What Happens to Verari's Technology?
High performance computing specialist Verari Systems is restructuring and may be seeking buyers for its assets, according to numerous reports. What happens to the company's technology, including its FOREST data center container.
December 14, 2009
nebula--container
The Verari data center container housing the NASA Nebula cloud computing application arrives at Ames Research Center in Mountain View, Calif.
There has been speculation about the financial health of high performance computing specialist Verari Systems ever since the company failed to show at the SC09 conference, where it had purchased a booth. Most employees have been let go, and reports Friday on Twitter and Inside HPC indicated Verari had shut down.
On Monday the company issued a statement, saying it is reorganizing. "Verari has initiated a process that will protect our customers investment and benefit our creditors as we restructure the business," the company said on its web site. "The intention is to safeguard customers investment and provide an ongoing support capability. There are several options that are being considered to provide solutions to our customers. We expect to have the new plan in place soon."
Earlier Monday, Verari CEO David Wright told InsideHPC that the company is in a "controlled reorganization" and won't file for Chapter 11 or Chapter 7 bankruptcy.
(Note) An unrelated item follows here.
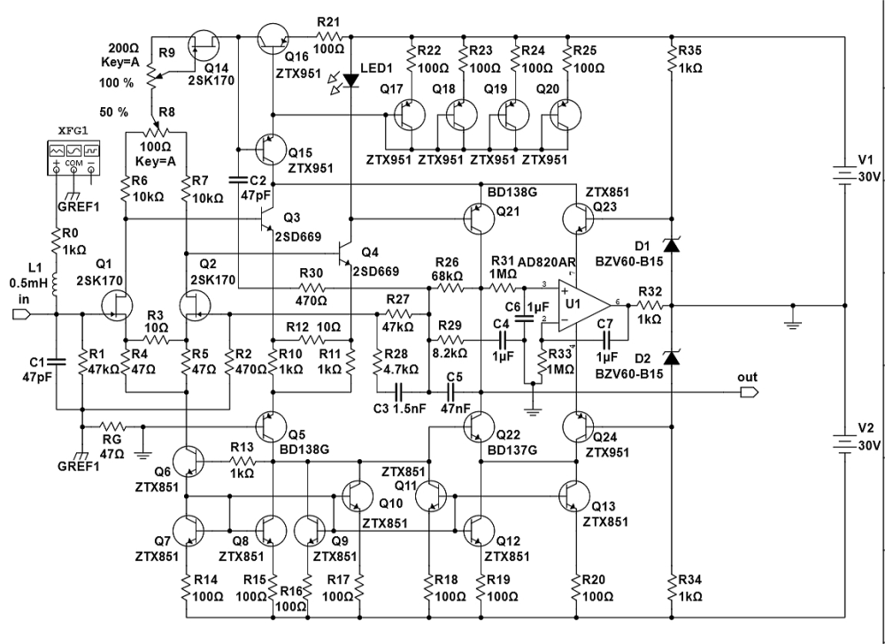 Ну да, симметричная All-Fet топология с квадратным вторым каскадом с ООС. Ничего необычного. Я-же в ответ покажу свой вариант однокаскадной топологии без ООС: prAmp1.pdf

Wright says Verari is still open for business and working on a support plan for existing customers.
One rumor, seen in the comments at several sites, is that an investor may try to acquire the assets of Verari's data center container business to form the nucleus of a new company.
For now, the current state of Verari leaves serious questions about the future of the first two commercial data center container offerings. Verari announced its container program shortly after Sun Microsystems unveiled its Blackbox container, since renamed the Sun MD. Back in April Sun agreed to be acquired by Oracle for $7 billion, but the deal has been delayed by antitrust concerns from European regulators.
Verari's FOREST container had recorded some high-profile customers wins in recent months, including sales to Qualcomm and a deal with NASA to house its new Nebula cloud computing platform.
Microsoft also uses a Verari container to power its Virtual Earth service. Despite its early adoption of Verari's container, Microsoft later chose to use containers from Rackable and Dell in its huge container farm data center in Chicago, which may ultimately hold up to 150 containers packed with high-density servers.
Other large companies on Verari's customer list include Virgin America, Morgan Stanley, Wachovia, Akamai, EMC, Lockheed Martin, Northrop Grumman, and Sony Imageworks.